Types of Vital Signs Monitors

Types of vital sign monitors are (1) Bedside intermittent or continuous which have cables and leads that are attached to the patient with video displays at the bedside or remotely (2) Portable monitors both battery powered and conventionally through a wall outlet.

Medium-acuity telemetry systems are widely utilized in medical and surgical wards. These systems uses leads (wires) attached to the patient for EKG purposes and wired to a small mobile device to fit in a pocket. They alert and monitor the patient in and out of bed. Bedside and central monitoring are available.

Low acuity continuous monitoring systems are being developed that are less invasive and do not touch the patient directly. One such 'contactless' monitor provides continuous monitoring of heart rate, respiration rate, and bed motion for patients in medical, surgical, orthopedics, isolation, post-partum, skilled nursing facilities, long-term or acute care, and rehabilitation settings. The sensor is placed under the mattress and uses a piezoelectric sensor that is sensitive to mechanical strains, changes in pressure, temperature, acceleration, and force by converting these conditions to an electrical charge.

Common Features in a Basic Combined Monitors

  • Heart rate
  • Respiratory rate
  • Blood pressure monitoring via the oscillometric method (non-invasive or invasive)
  • Dual Temperature
  • Mean arterial pressure
  • Oxygen saturation via pulse oximetry Spo2)
  • Large LED digital color display, Storage, Printing, and Connectivity to EMR

The latest vital signs monitors feature large 12-inch color touchscreen displays that are easy to use. Vital signs monitors vary by price, design, and features.

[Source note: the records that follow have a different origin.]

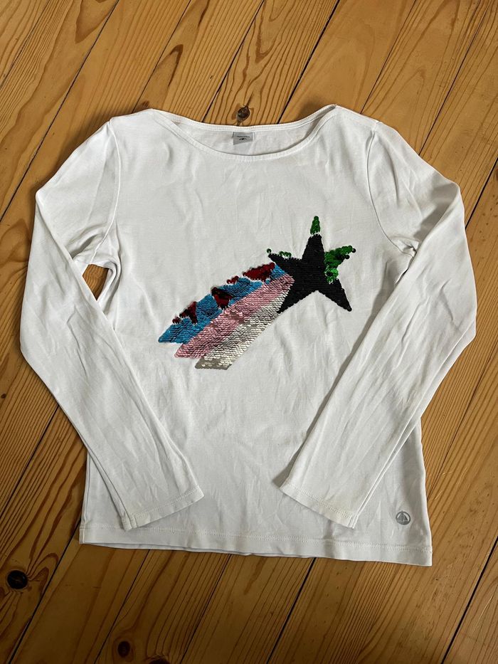 Tee-shirt à manches longues blanc à sequins Porté, bon état
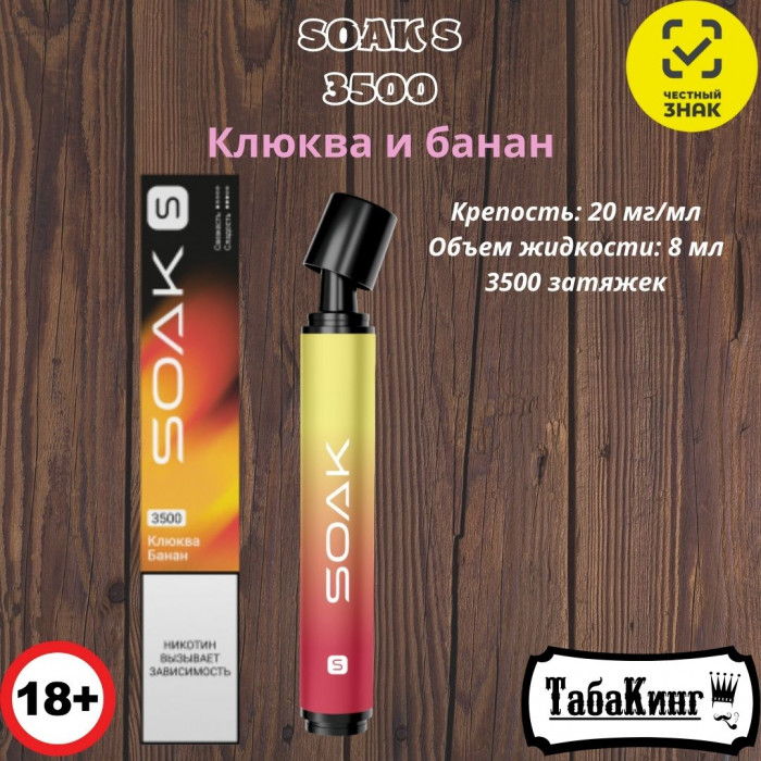 Одноразовая электронная сигарета SOAK S Клюква-Банан на 3500 затяжек.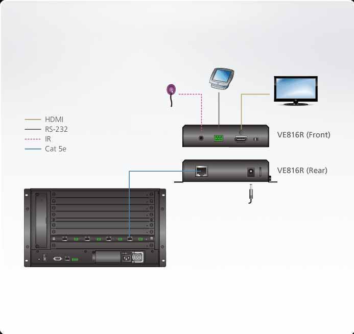Для создания максимального эфекта от обработки аудио/видео приемник-масштабатор 4K HDMI-сигнала VE816R при работе с матричными коммутаторами HDMI HDBaseT-Lite или модульными матричными коммутаторами, оснащенными платами вывода HDBaseT компании ATEN, поддерживает возможность построения видеостен, а также функцию Seamless Switch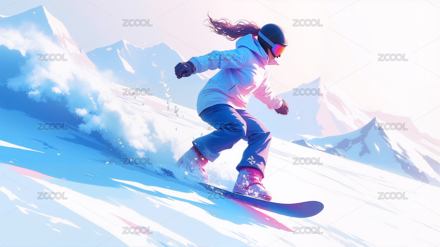 雪山飞驰滑雪少女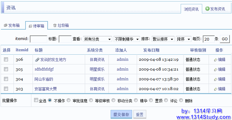 待审箱里可以对资讯进行的批量管理操作也跟发布箱里的操作完全一样,同样不再赘述。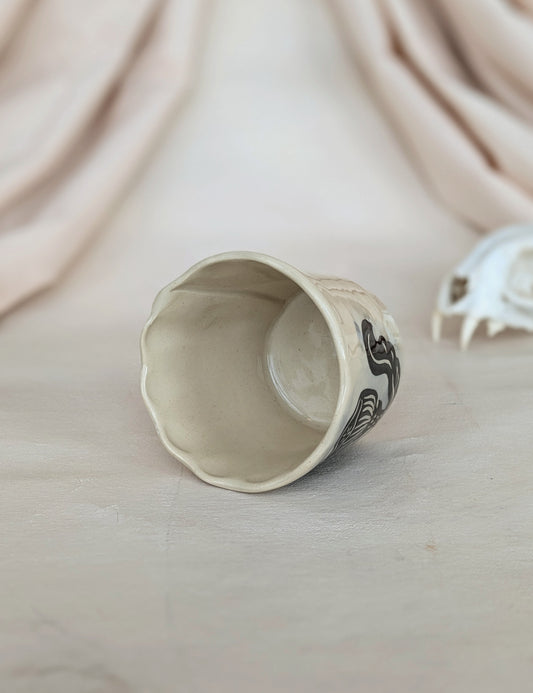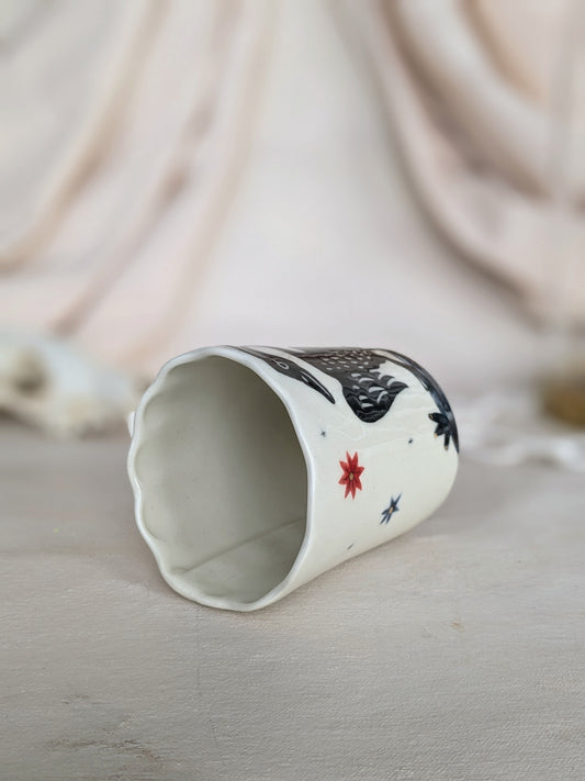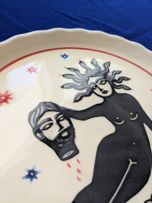 Mes pièces sont fabriquées en petites séries avec la technique du modelage à la plaque. Chaque pièce est unique et fabriquée à la main avec lenteur et attention. Comme tout objet de conception artisanale, elles peuvent avoir de petites imperfections ou comme des petites rugosités ou aspérités qui les distingue des objets industriels et fait leur charme. Les couleurs et les motifs peuvent varier légèrement. Chaque pièce est cuite trois fois, la dernière fois pour appliquer le lustre or 22 carat.

Some vital signs monitors are built on a modular foundation. Monitors such as the ADC Adview 2 are modular monitors. The Mortara Surveyor S19 Patient Monitor comes with a long list of features, an 18.5” touchscreen monitor, and external recorder. The Welch Allyn Connex 6400 Vital Signs Monitors can be ordered in a wide range of configurations to optimally meet the customer’s needs.